**Task details**
Copy out precisely the lines from the start of the data through the line with "포천시는 다음 달 4일부터", and keep pictures out of it.

=== Begin Enclosure ===

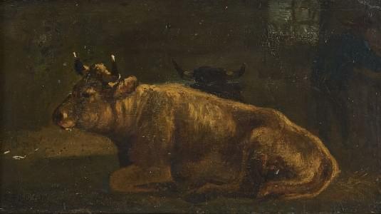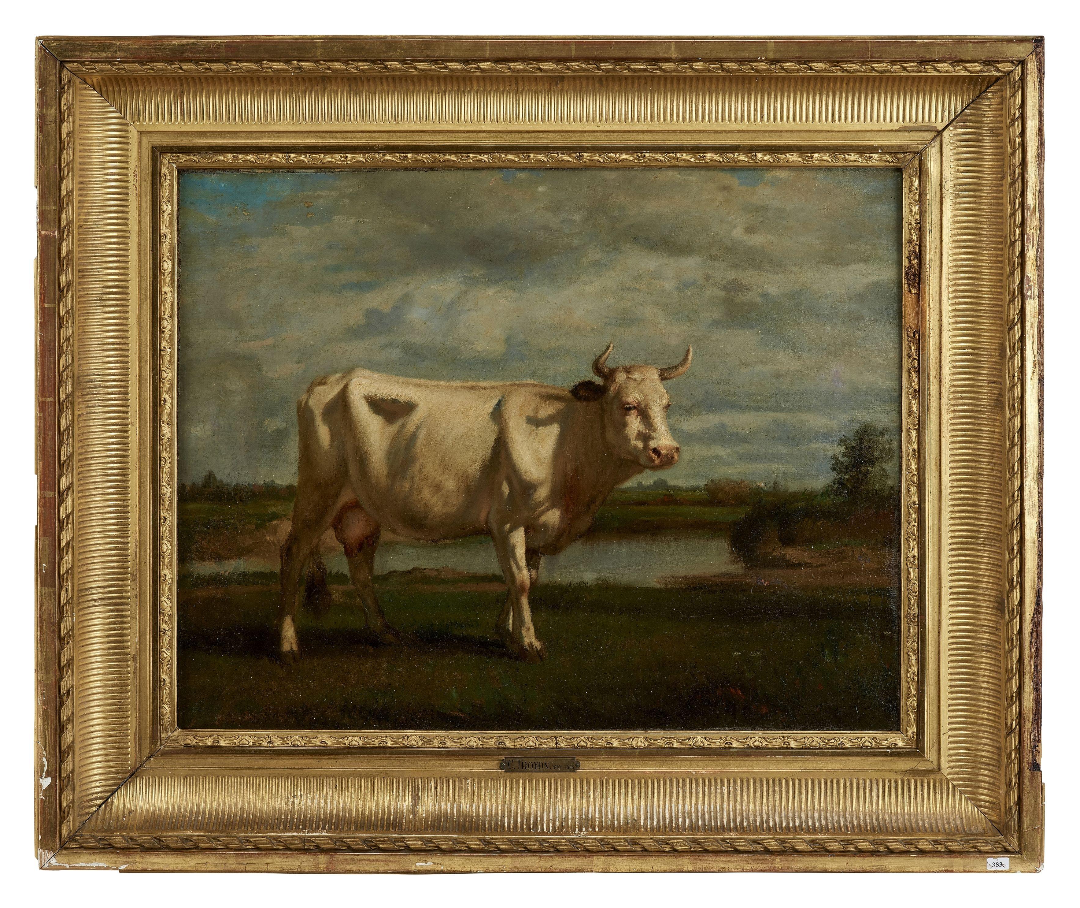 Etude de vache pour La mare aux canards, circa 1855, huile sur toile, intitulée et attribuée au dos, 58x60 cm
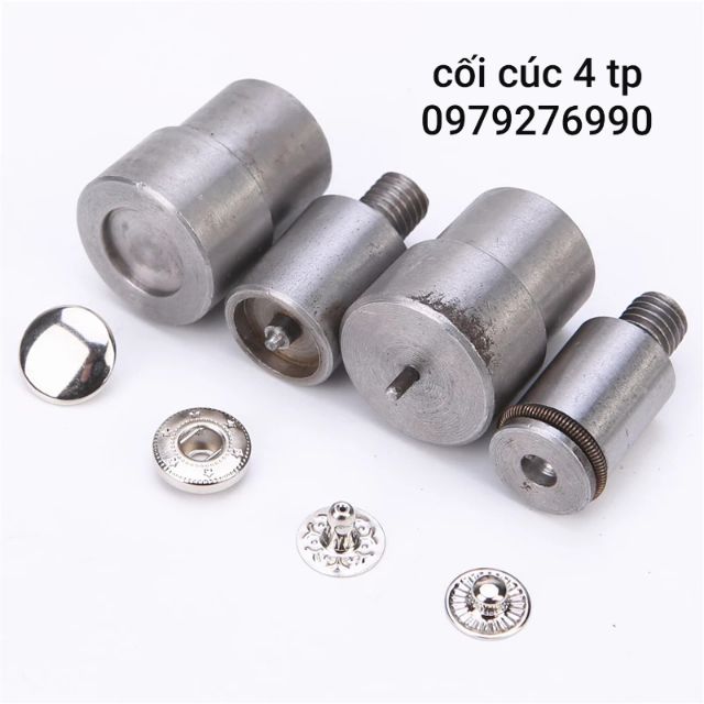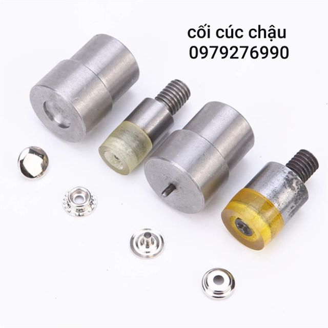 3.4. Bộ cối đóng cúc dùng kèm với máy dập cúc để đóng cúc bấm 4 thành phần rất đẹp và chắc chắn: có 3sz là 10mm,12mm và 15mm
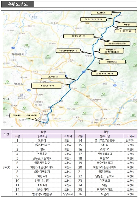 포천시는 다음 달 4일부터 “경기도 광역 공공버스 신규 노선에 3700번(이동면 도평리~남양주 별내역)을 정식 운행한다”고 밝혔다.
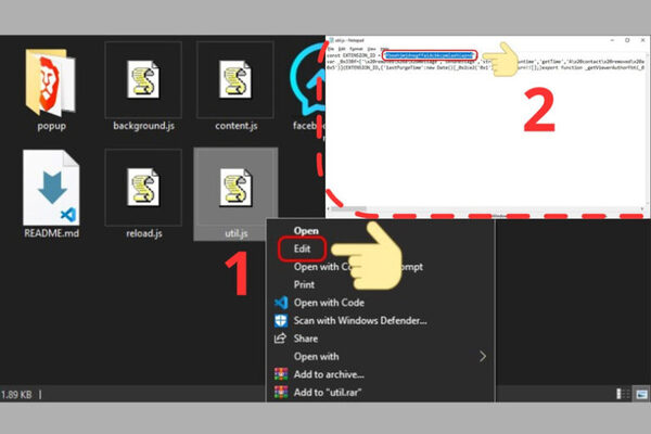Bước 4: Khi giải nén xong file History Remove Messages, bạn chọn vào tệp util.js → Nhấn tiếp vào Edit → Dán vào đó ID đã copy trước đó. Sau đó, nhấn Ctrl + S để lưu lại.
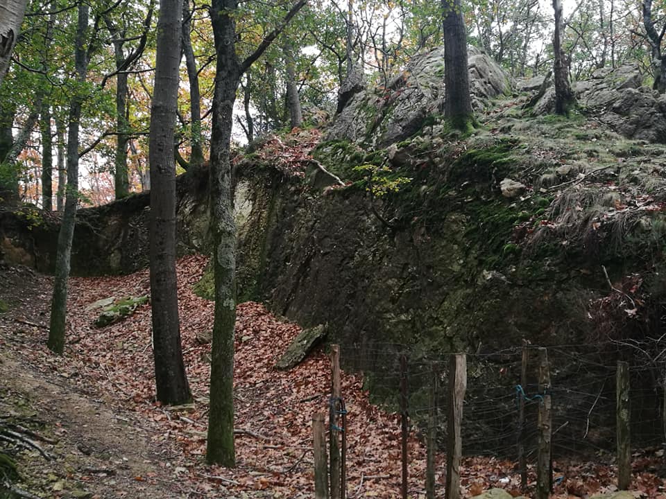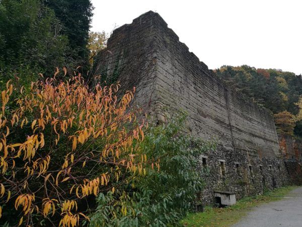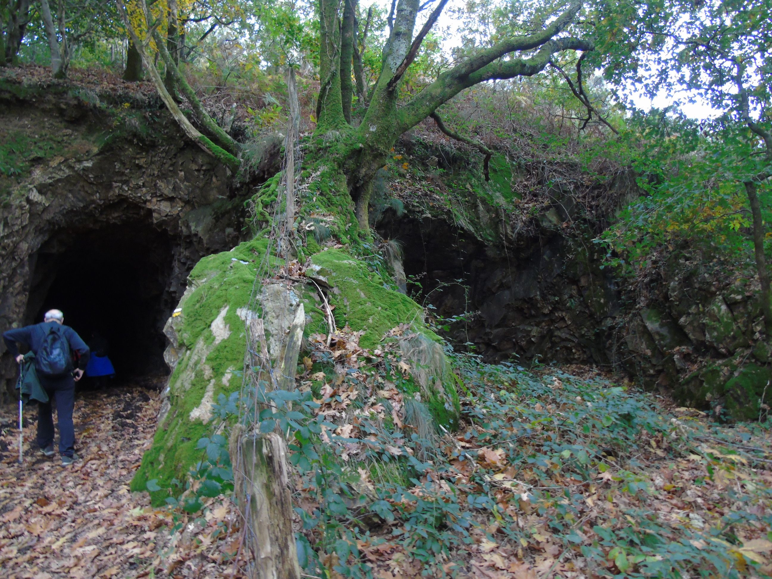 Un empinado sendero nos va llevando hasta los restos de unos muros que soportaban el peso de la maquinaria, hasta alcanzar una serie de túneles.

=== End Enclosure ===

**Expected output**
 Etude de vache pour La mare aux canards, circa 1855, huile sur toile, intitulée et attribuée au dos, 58x60 cm
 3.4. Bộ cối đóng cúc dùng kèm với máy dập cúc để đóng cúc bấm 4 thành phần rất đẹp và chắc chắn: có 3sz là 10mm,12mm và 15mm
 포천시는 다음 달 4일부터 “경기도 광역 공공버스 신규 노선에 3700번(이동면 도평리~남양주 별내역)을 정식 운행한다”고 밝혔다.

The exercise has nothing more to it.